*** MATERIAL PROVIDED ***
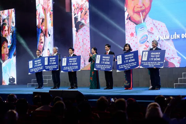 Tại Lễ kỷ niệm 40 năm, Vinamilk cũng đã dành tặng 6 tỷ đồng cho 6 tỉnh đang thực hiện chương trình Sữa học đường để động viên khích lệ những địa phương đang thực hiện tốt. Như vậy, tổng số tiền 20 tỷ đồng đồng Vinamilk đóng góp cho chương trình Sữa học đường tại 20 tỉnh trong năm 2016 sẽ tương đương với khoảng gần 4 triệu hộp sữa cho các em học sinh mầm non, tiểu học. Và nếu tính từ năm học 2009-2010, khi Vinamilk bắt đầu phối hợp cùng các tỉnh thực hiện chương trình thì tổng số lượng học sinh được thụ hưởng từ chương trình sẽ là 380 ngàn em học sinh và tổng ngân sách trợ giá từ Vinamilk là 92 tỷ đồng.
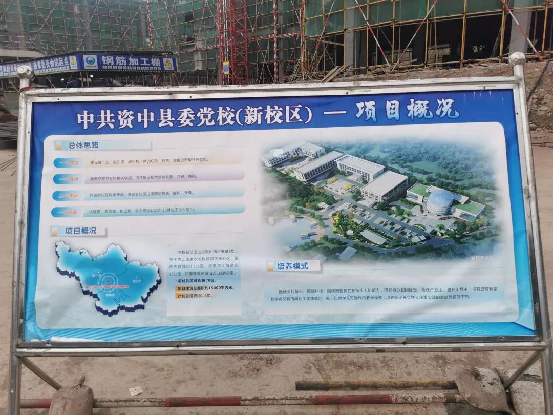 在资中县银山镇平安寨3社,规划面积70亩,项目总建筑面积15000平方米,计划总投资1.4亿元的资中党校新校区正如火如荼的建设中。
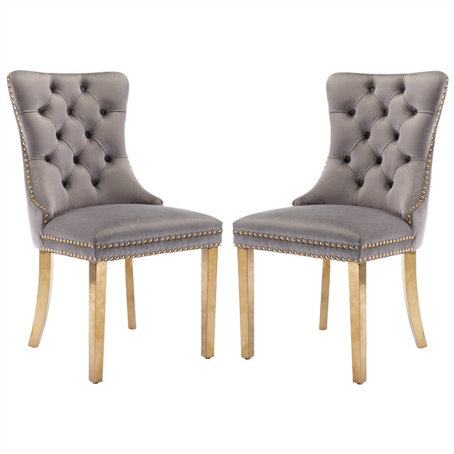AADEN 2x Velvet Dining Chairs with Golden Metal Legs-Grey
***
*WHAT THE TASK ASKS*:
Everything from the line that contains "在资中县银山镇平安寨3社,规" to the final line of the data is to be duplicated exactly, both ends included, except the pictures.

*RESULT OF THIS TASK*:
 在资中县银山镇平安寨3社,规划面积70亩,项目总建筑面积15000平方米,计划总投资1.4亿元的资中党校新校区正如火如荼的建设中。
AADEN 2x Velvet Dining Chairs with Golden Metal Legs-Grey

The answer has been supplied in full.